Każdy znał jego zwód, zwany przez Wojciecha Kowalczyka "przekładańcem", którego nikt przez tyle lat nie rozszyfrował. Swoją karierę piłkarską rozpoczął w Olimpii Elbląg, gdzie grał do 1985 roku. Sezon 1985/1986 grał w drużynie Stal Mielec, gdzie spędził 8 lat. W 1993 roku został obrońcą w pierwszoligowej Legii Warszawa, która dzięki jego bramce na 1:1 w meczu z Górnikiem Zabrze zdobyła Mistrzostwo Polski w 1994. Były trener Olimpii Elbląg rozegrał 300 meczy w I lidzie polskiej, gdzie zdobył 50 bramek, w takich zespołach jak: wspomniana Legia Warszawa (1993- 1996), ale także Amica Wronki (1996-97), Raków Częstochowa (1997-98) i Lechią/Polonia Gdańsk (1998-1999).
Ponadto Adam Fedoruk zaistniał na arenie międzynarodowej rozgrywając 18 meczy w reprezentacji Polski i strzelając zwycięską bramkę na 3-2 w meczu z Węgrami w 1995 roku w Krakowie. Był także piłkarzem greckiej Kavali (1997) oraz amerykańskiego zespołu Pittsburgh Riverhounds (1999, 2000-2001). Pod koniec swojej kariery piłkarskiej rozpoczął przygodę trenerską, występując jako grający trener. W czasie gdy Adam Fedoruk był opiekunem elbląskiej Olimpii, zdobyła ona awans do III ligi w 2002 roku. Karierę piłkarską zakończył w 2003 roku.

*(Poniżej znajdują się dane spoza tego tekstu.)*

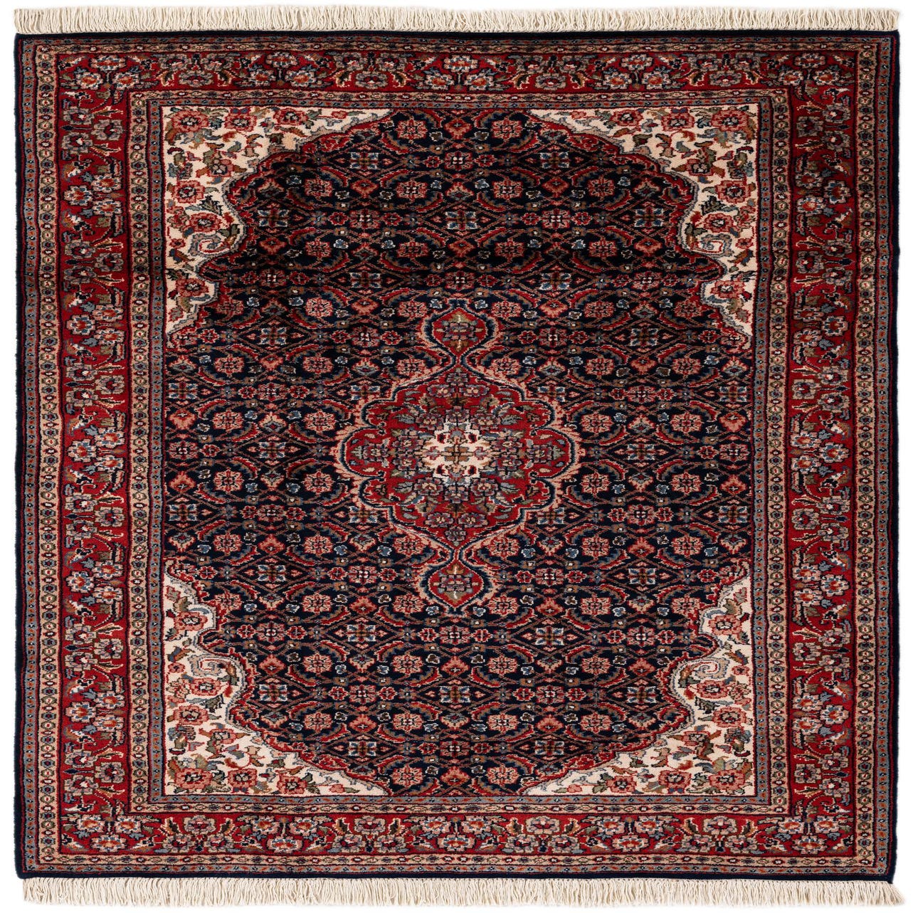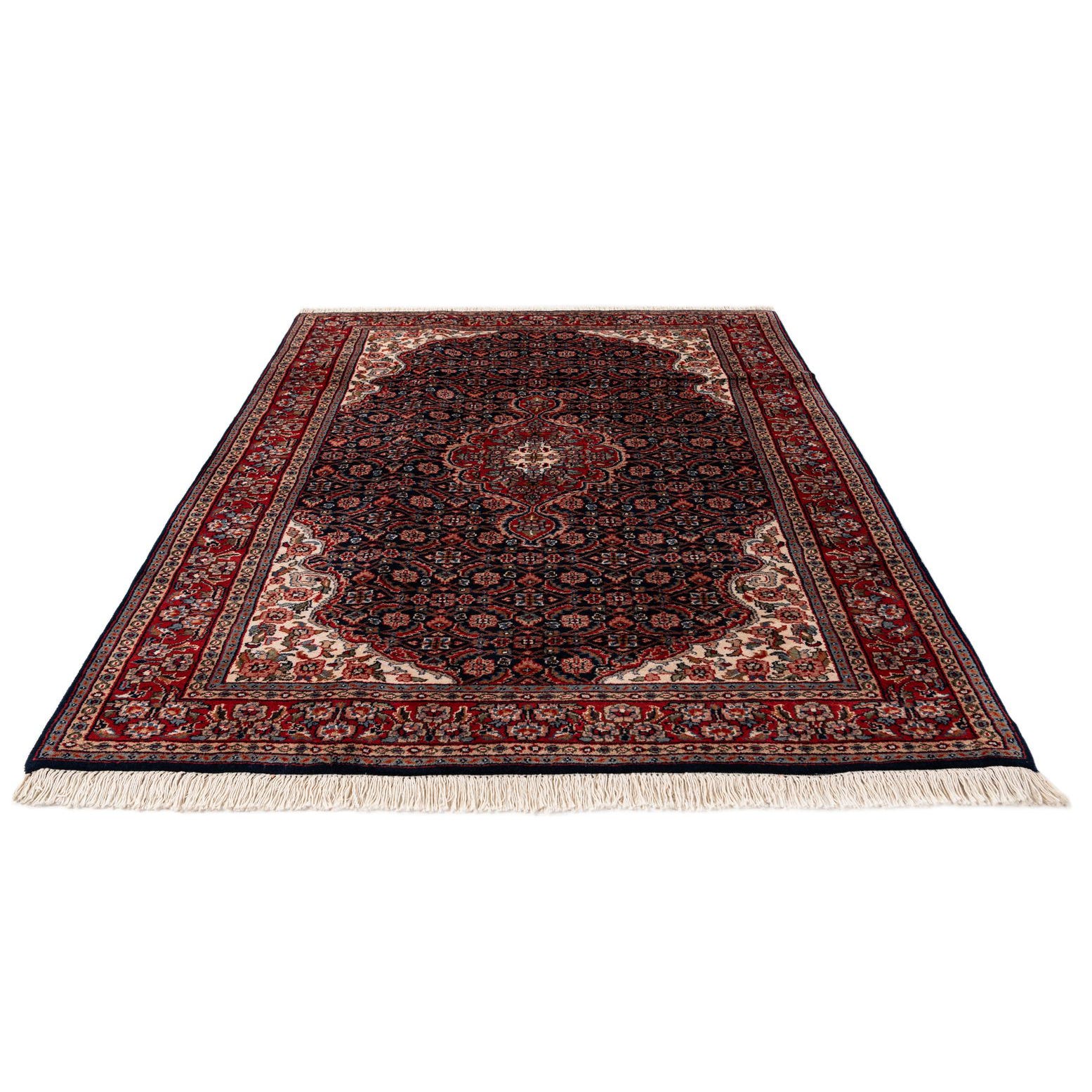 A 4x6 rectangular navy blue traditional Oriental rug with a central medallion and intricate floral patterns, featuring red and cream accents.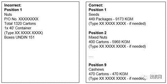 ●确保货物的名称、位置、重量和件数与相关商业单据上的列出完全一致。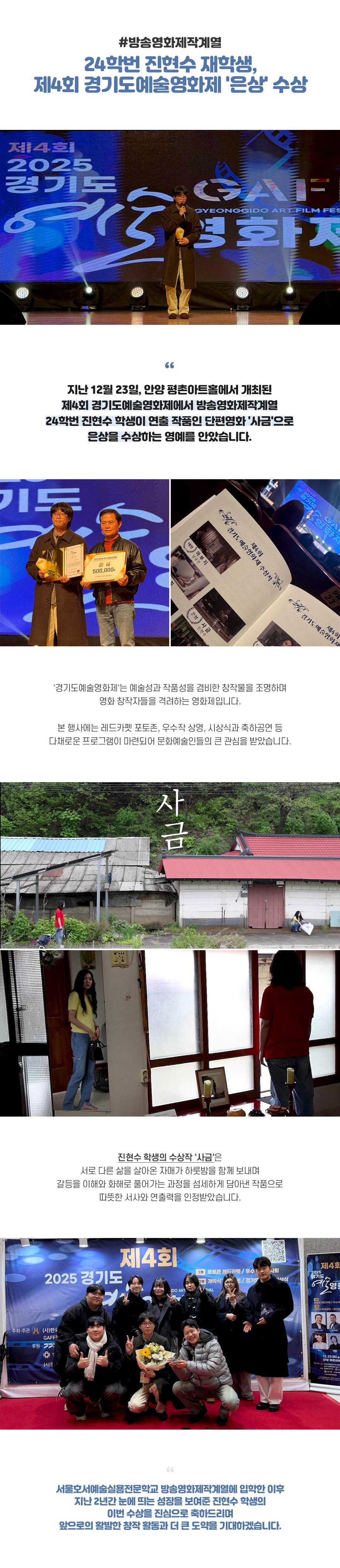 지난 12월 23일, 안양 평촌아트홀에서 개최된 제4회 경기도예술영화제(GAFF, Gyeonggido Art Film Festival)에서 방송영화제작계열 24학번 진현수 학생이 연출 작품인 단편영화 '사금'으로 은상을 수상하는 영예를 안았습니다.

- Kibiców interesuje, co się dzieje z Adamem Fedorukiem, wielokrotnym reprezentantem Polski w piłce nożnej, zdobywcą Mistrzostwa Polski 1994/1995 oraz byłym trenerem Olimpii Elbląg?
- Jednym zdaniem mieszka z żoną i młodszą córką w Anglii. Poza tym pracuję w koncernie TNT, zajmującym się usługami kurierskimi na szeroką skalę. Poza tym grałem w amatorskim zespole piłkarskim INTERACTION, gdzie przez 3 miesiące byłem również trenerem. Moim celem jest prowadzenie drużyny angielskiej na szczeblu centralnym, ale wiem, że muszę się jeszcze dużo nauczyć. Przede wszystkim języka i warsztatu treningowego. W wolnych chwilach obserwuje pobliskie drużyny pilłarskie, takie jak: Rushden Diamonds, Northampton Town z Coca-Cola League Two oraz Kettering Town z Nationwide Conference North, gdzie trenerem był sam Paul Gascoine. Praca w Anglii pozwala mi na realizację swoich planów związanych z karierą trenerską.
- Czy jest Pan na bieżąco z rodzimą piłką nożną i z wynikami Olimpii?
- Śledzę grę i wyniki Olimpii w Internecie. Gorąco kibicuję drużynie ze względu na sentyment. Wierzę w sukces należny zespołowi. Uważam, że zapotrzebowanie na piłkę nożną w naszym mieście jest ogromne. Dowodem może być frekwencja na meczach pucharowych i ligowych, gdzie przychodziło około 3 000 ludzi. Na przykład 1/16 Pucharu Polski ze Stomilem Olsztyn oraz 1/32 PP z Bełchatowem.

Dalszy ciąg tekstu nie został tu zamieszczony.